Once a lofty hall, the main chamber of the Legislative Council (LegCo) Complex is now a scene of destruction after protesters stormed the building and vandalised its interior in an unprecedented display of civil unrest.
Hundreds of masked protesters broke in through the rear of LegCo on Monday evening, smashing through glass doors and prising open metal shutters hours after occupying major thoroughfares in Admiralty. The interior was vandalised at around midnight, with furniture overturned and graffiti spray-painted onto walls. Police deployed tear gas to clear the surrounding roads shortly after as the remaining protesters poured out of the building.
The incident coincided with the end of a separate, largely peaceful July 1 democracy march which took place on the 22nd anniversary of the city’s 1997 Handover.
Hong Kong police said officers from the Organised Crime and Triad Bureau and the Identification Bureau, working with government chemists, arrived at the building on Wednesday to collect evidence: “Police will bring the culprits to justice,” the statement read.
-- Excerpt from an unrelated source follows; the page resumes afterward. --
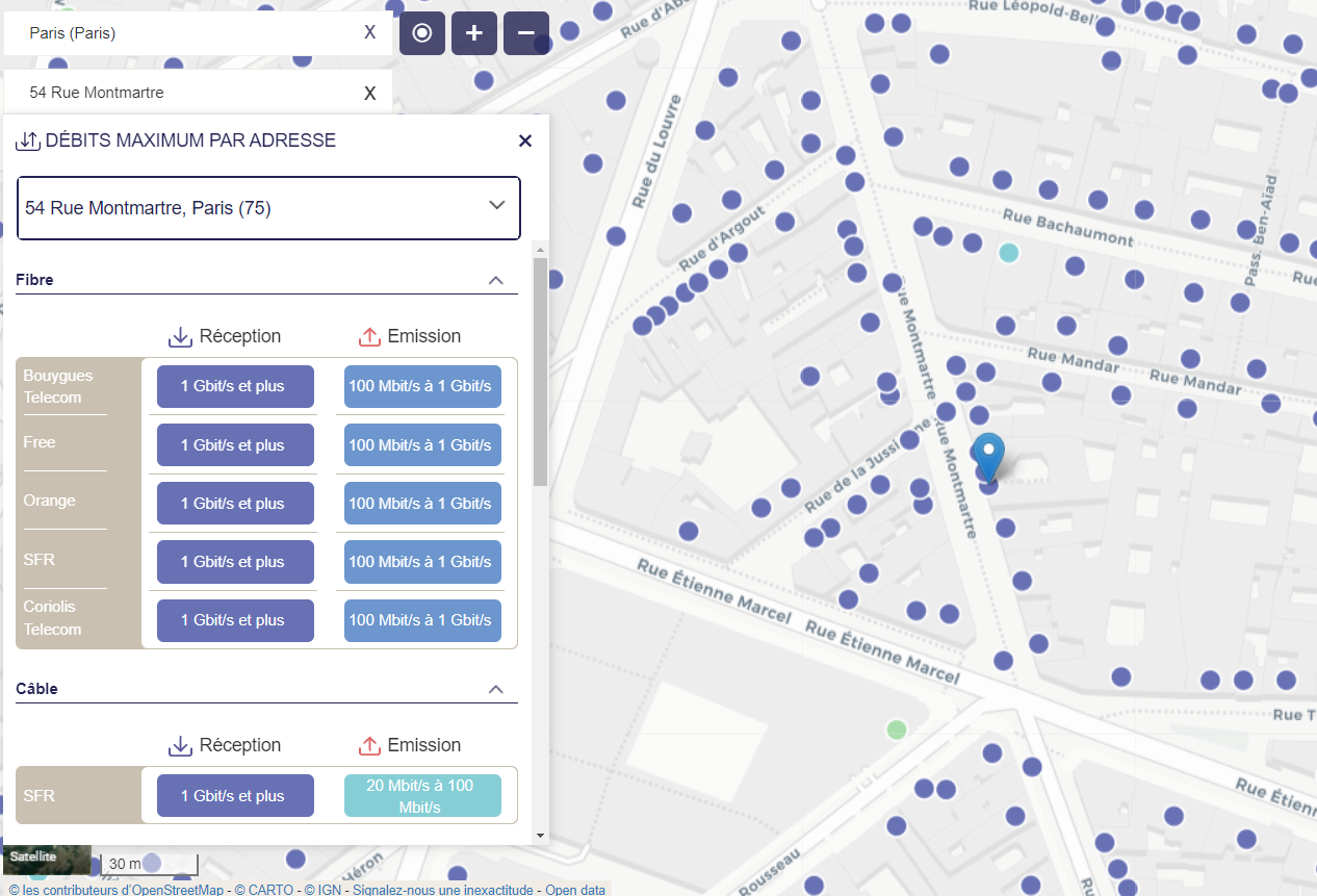 Très utile pour un grand nombre de Français, ce moteur de recherche de l’internet fixe rassemble sous forme de cartes toutes les informations sur les débits proposés par les opérateurs, pour l’ensemble des technologies de l’internet fixe en France métropolitaine et en Outre-Mer. Son utilisation est simple comme bonjour, pour une adresse donnée, l’outil affiche l’ensemble des opérateurs disponibles, le réseau filaire (fibre, câble, ou xDSL) ou hertzien (4G fixe, HD et THD radio, satellite) et donc les débits maximum pouvant être obtenus.

LegCo President Andrew Leung told reporters on Tuesday that the parliament would not hold meetings for the next two weeks as repair works would likely take some time.
He added that security, electrical and fire safety systems had been damaged during the siege, though no security guards were injured.
The political crisis over the government’s reviled extradition bill has deepened over months of mass protests, which have morphed into a wider display of discontent over dwindling freedoms, calls for democracy, and alleged police misconduct relating to the use of crowd control weapons on June 12. The bill was suspended on June 15, but not axed.
Chief Executive Carrie Lam condemned the protesters’ actions on Monday as extremely violent saying the government would hold those responsible to account.